The Florida Sentinel Bulletin is a Florida bi-weekly newspaper serving the Tampa Bay Area African-American community.

History
In 1919, General William W. Andrews opened the Florida Sentinel office in Jacksonville, Florida. Later, the office closed due to the Great Depression. In 1945, General Andrews's son, C. Blythe Andrews, re-opened the Florida Sentinel at 1511 Central Avenue in Tampa, Florida. 

In 1959, C. Blythe Andrews bought the Tampa Bulletin newspaper, and merged the two newspapers to make the Florida Sentinel Bulletin. In 1962, the newspaper office was moved to 2207 East 21st Avenue in the Ybor City district of Tampa, Florida. The C. Blythe Andrews Jr.
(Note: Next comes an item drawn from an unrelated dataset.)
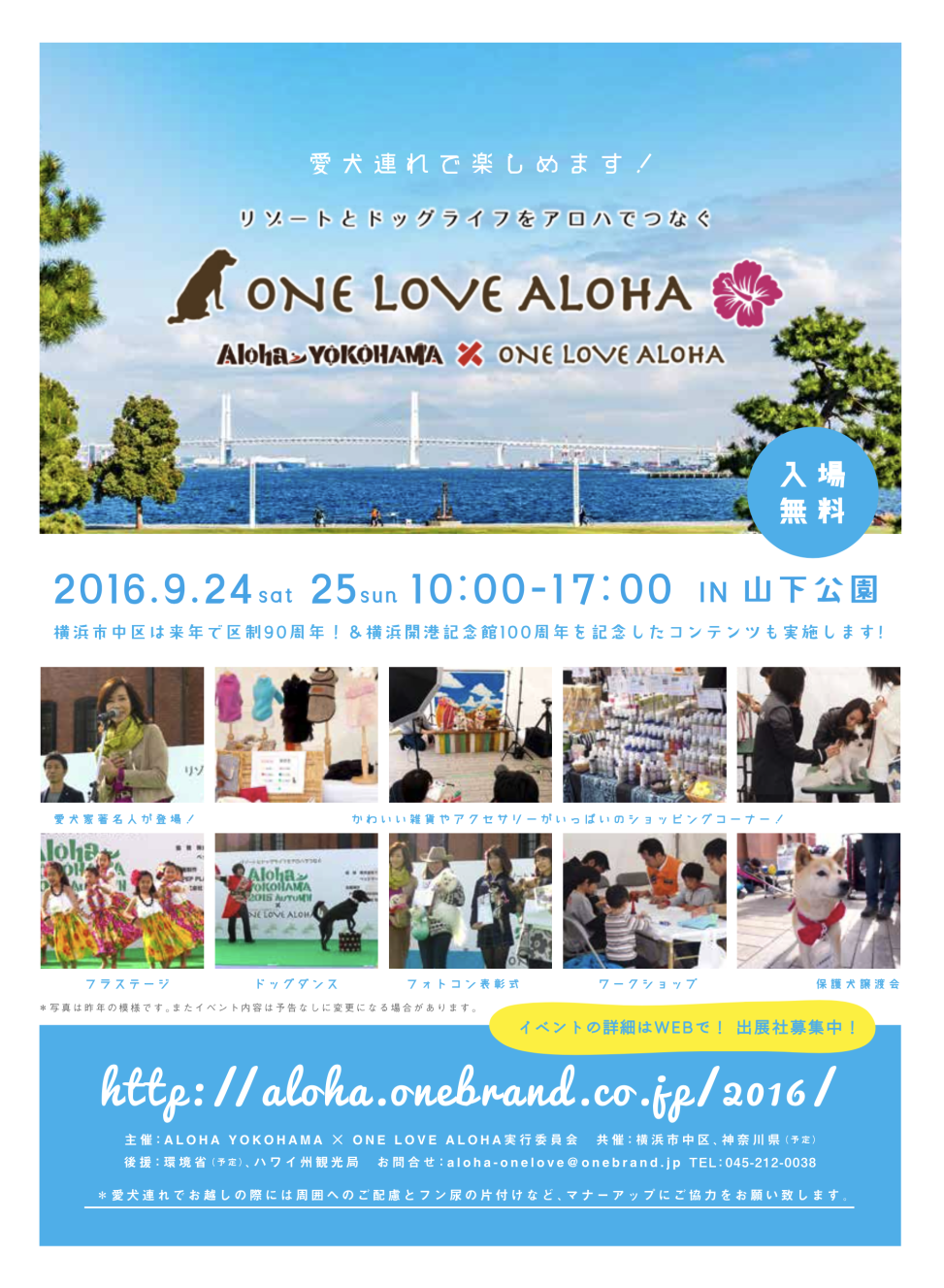 横浜で開催された愛犬家イベント「ONE LOVE ALOHA 2016」告知用A4チラシ

Public Library was named for the publisher.

References

External links
 Florida Sentinel Bulletin web site
University of South Florida Libraries: Florida Sentinel Bulletin Collection In 2012, the University of South Florida Library began retrospectively digitizing issues of the Florida Sentinel Bulletin in its collection. This is an ongoing project, with more issues added periodically.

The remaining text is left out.